Calma, Justine. "The Environmental Impact of the AI Revolution is Starting to Come into Focus." The Verge, October 10, 2023. https://www.theverge.com/2023/10/10/23911059/ai-climate-impact-google-openai-chatgpt-energy.

Crawford, Kate. "Generative AI's environmental costs are soaring -- and mostly secret." Nature, February 20, 2024. https://www.nature.com/articles/d41586-024-00478-x.

Saenko, Kate. "A Computer Scientist Breaks Down Generative AI's Hefty Carbon Footprint." Scientific American, May 25, 2023. https://www.scientificamerican.com/article/a-computer-scientist-breaks-down-generative-ais-hefty-carbon-footprint/.

On Human Labor and Generative AI

Browne, Grace. "AI is Steeped in Big Tech's 'Digital Colonialism.'" Wired, May 25, 2023. https://www.wired.com/story/abeba-birhane-ai-datasets/.

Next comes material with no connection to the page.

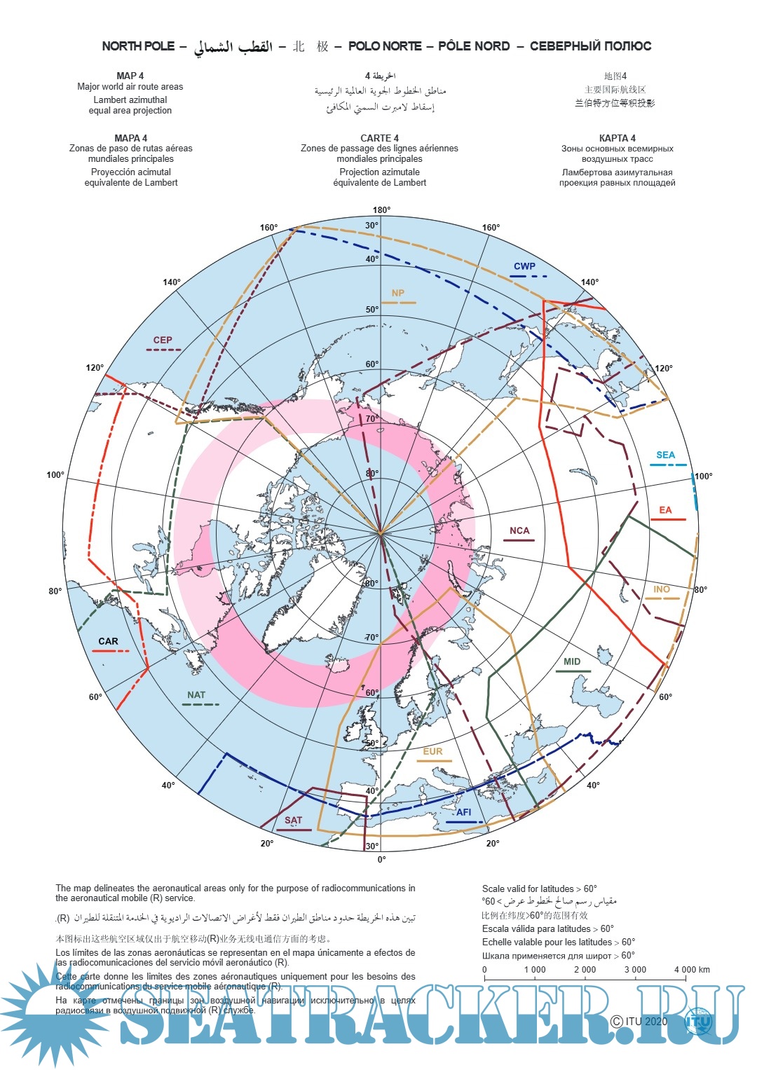 1. Зоны основных всемирных воздушных трасс. 2. Зоны региональных и национальных воздушных трасс. 3. Зоны выделения и приема VOLMET. 4. Северный полюс. 5. Южный полюс. И др.

Dzieza, Josh. "AI is a Lot of Work." The Verge, June 20, 2023. https://www.theverge.com/features/23764584/ai-artificial-intelligence-data-notation-labor-scale-surge-remotasks-openai-chatbots.

Perrigo, Billy. "OpenAI Used Kenyan Workers on Less Than $2 Per Hour to Make ChatGPT Less Toxic." TIME, January 18, 2023. https://time.com/6247678/openai-chatgpt-kenya-workers/.

Questions to consider

  • Does learning about the environmental impacts of generative AI affect the way you will use it in the future? Why or why not?
  • How does knowing about the way human labor is used to develop generative AI affect the way you think about or evaluate the text produced by AI? 
  • Are you surprised in learning about generative AI's impacts on the environment and use of human labor? If so, how does this information challenge or alter your perceptions of generative AI?